The willowy bronze earthfae girl Joey spoke to slid a chunk of cash onto the table—her drug trade, it’s either us or Sonny Valenti, and we don’t smash your knuckles to a bloody mess with quite so much relish. Joey cut her share back to her and made the rest disappear.
She blushed and stammered something in reply, her dusky golden wings flushing dark.
Iridium giggled, rusty, and I resisted a jealous yowl. The boss’s charm was hard-earned. I didn’t want it wasted on her.

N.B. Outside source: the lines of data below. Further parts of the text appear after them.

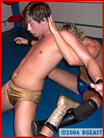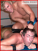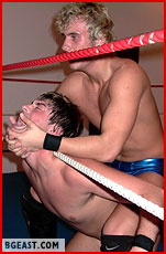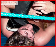 Caleb regroups and recharges. Soon he's flying again, as both young fighters realize the other isn't just going to give up or go away! And neither shies away from making nefarious use of the ring ropes and turnbuckles - and both end up tangled and tortured tied. Chops, backbreakers, kicks, stomps, body slam after body slam are employed to sap the fight from the other. Variations of a wide variety of submission holds are cranked on to get Caleb his equalizing submission or Jean his deciding fall. Big bone-rattling bumps lead to near pin after near pin. But despite the intense punishment, neither is willing to yield to the other. Caleb's vicious and methodical assault on Benoit's back finally evens the score at one apiece. There's one fall left to decide the winner, and the determination to not lose shows on each face as they start the third fall. Caleb immediately goes after Benoit's back again, but Jean Benoit is not someone to just lay there and take abuse - he's got grit and the heart of of true fighter, and he wants the win just as badly. The battle rages on, and as each wrestler becomes more determined to raise their hands in victory over their beaten foe, the action gets faster, the tactics dirtier and nastier, until finally the match comes to a stunning conclusion that leaves one wrestler humbled and beaten as his victorious opponent poses and struts around the ring as the unequivocal victor! This is pro ring action at its very best - one you will watch over and over again. Get your slo-mo and frame-by-frame ready - you won't miss a move! An instant Pros In Private classic!
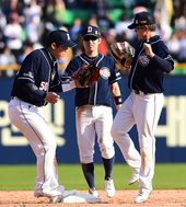 2014.05.05 17: 24김현수-민병헌,'저희 4타점 합작했어요'
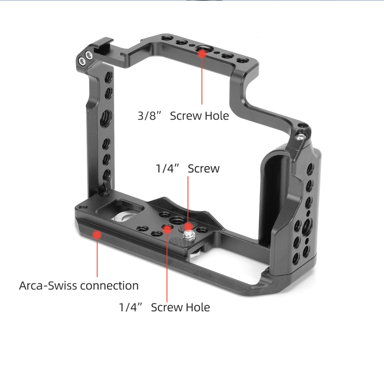 - Кріплення клітини до камери здійснюється за допомогою гвинта 1/4”-20 в основі, а також M2.5 збоку. Гумові прокладки на дні клітини захищають корпус фотоапарата від подряпин.

I tried to concentrate on the crowd, but invisible magnets constantly yanked my eyeballs back to Joey. I liked watching him, watching him move his body, now touching hands briefly with a wild-haired waterfae courier. Talented hands, fluid like a pianist’s, his voice’s soft timbres sliding between the music’s dark frequencies like a velvet caress. The eeriest thing about the boss is his flawless skin. Every time he shifted, it remade itself.
Not that I’ve ever seen him, beyond the fingerwebs and the fangs and that one time a few weeks ago when we needed to sniff out a bunch of murdering fairies and he . . .
I squirmed, the memory of that smooth black skin hot and arousing.
Never mind that. Brain on the job, please.
If they got to him because my mind wallowed in the gutter, he’d be just as dead.
I scraped sweaty hair from my neck and reefed my gaze back to the crowd. The band started another set, and the screeching melody of frenetic cymbals and pissed-off guitars vibrated sweetly in my flesh. A shifty green spriggan eyed me off, leathery skin gleaming, black hair sticking up like a wirebrush between pointed ears heavy with golden rings. His dirty jeans were tight and torn over one scrawnymuscled thigh. His black T-shirt read
I’M MEAN BECAUSE YOU’RE
STUPID
, and his round belly stretched the letters out of shape.
I scowled at him until he looked away. I don’t like spriggans. Too many bad memories, bad breath and wicked teeth and horny yellow claws. Call me racist, but I never met a spriggan I didn’t want to murder.